A pivotal Phase 3 study is being prepared in the U.S. under a special protocol assessment. AC-820, a small synthetic molecule, is a highly selective κ (kappa)-opioid receptor agonist showing a potent anti-itching activity. The compound is orally administered and has demonstrated a high safety profile in over 1,500 subjects including over 1,100 dialysis patients.

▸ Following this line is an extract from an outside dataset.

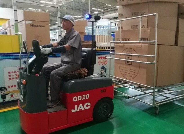 青岛海信日立空调系统有限公司成立于2003年,是由海信集团与日立空调共同投资在青岛建立的商用空调技术开发、产品制造、市场销售和用户服务为一体的大型合资企业。海信日立因对品质和精细化管理的高标准要求,厂区内生产物料上线和产成品转运等环节使用的设备要求非常高,目前使用的均是进口或合资品牌。2017年底,青岛海信日立需购置一批电动牵引车的招标讯息公布后,行业内主要国产品牌和进口品牌纷纷参与,江淮叉车积极对接和快速响应,最终凭借牵引力大、外形靓丽、转弯半径小、操作舒适轻便、性能稳定、量身定制方案等显著特点,在此次招标中顺利通过青岛海信日立严苛的选拔标准,在激烈的竞争中脱颖而出,一举中标全部12台电动牵引车,印证了江淮叉车强大的产品力和品牌力,为促进江淮叉车品牌向上突破提供有力支撑。

The current primary indication for AC-820 (a.k.a., Nalfurafine HCl or TRK-820) is uremic pruritus, a severe systemic itch that occurs in many kidney dialysis patients. According to the latest published research by DOPPS, or Dialysis Outcome and Practice Patterns Study, 42~45% of dialysis patients routinely suffer from moderate to extreme itching and additional about 30% experience mild itching. This study involved over 38,000 hemodialysis patients in 12 nations including Australia, Belgium, Canada, France, Germany, Italy, Japan, New Zealand, Spain, Sweden, the United Kingdom, and the United States. The severe itching in uremic pruritus patients can have a profound effect on their quality of life, such as sleep. The DOPPS report demonstrated that the sleep disturbance by uremic pruritus is associated with a 17-20% increase in mortality in this population (p<0.0001). Treatment of pruritus in this population is more than just treating an “itch”. There are currently no U.S. Food and Drug Administration-approved therapies to address this condition. Off-label uses of other therapies provide with very limited relief. Increasing the dialysis dose or diligent control of key clinical parameters such as calcium, phosphate, and PTH also do not eliminate this condition. Currently, the only way to cure this problem is through kidney transplantation. According to the United States Renal Data System, or USRDS, there were over 500,000 end stage renal disease patients in the United States in 2006, with approximately 355,000 of these individuals receiving dialysis therapy. The dialysis population is continuously growing by about 4~5% every year.

AC-820 has been evaluated in multiple clinical studies. In the latest pivotal Phase 3 clinical study conducted in Japan, AC-820 demonstrated significant reduction in itching intensity in uremic pruritus patients. In a separate long term study with uremic pruritus patients, AC-820 exhibited high safety profile. The first product approval for this indication was given by the Japanese Regulatory Agency in January 2009 based on these results.

AC-820 is believed to exert its activity by sending an anti-itch signal by acting as a selective agonist for κ-opioid receptor. Therefore, the compound has the potential to reduce itching intensity regardless of its origin. There are many diseases that are known to cause severe and chronic itching conditions such as hepatic cirrhosis, eczema, psoriasis, neurological disorders, endocrinology diseases, as well as cancers and infections. Acologix expects that AC-820 could be useful to treat such other itching conditions and plans to explore its efficacy outside of the renal field. Because of the generally poor understanding of itching mechanisms, development of an anti-itch therapeutic has been challenging. AC-820 represents the first compound developed for this indication.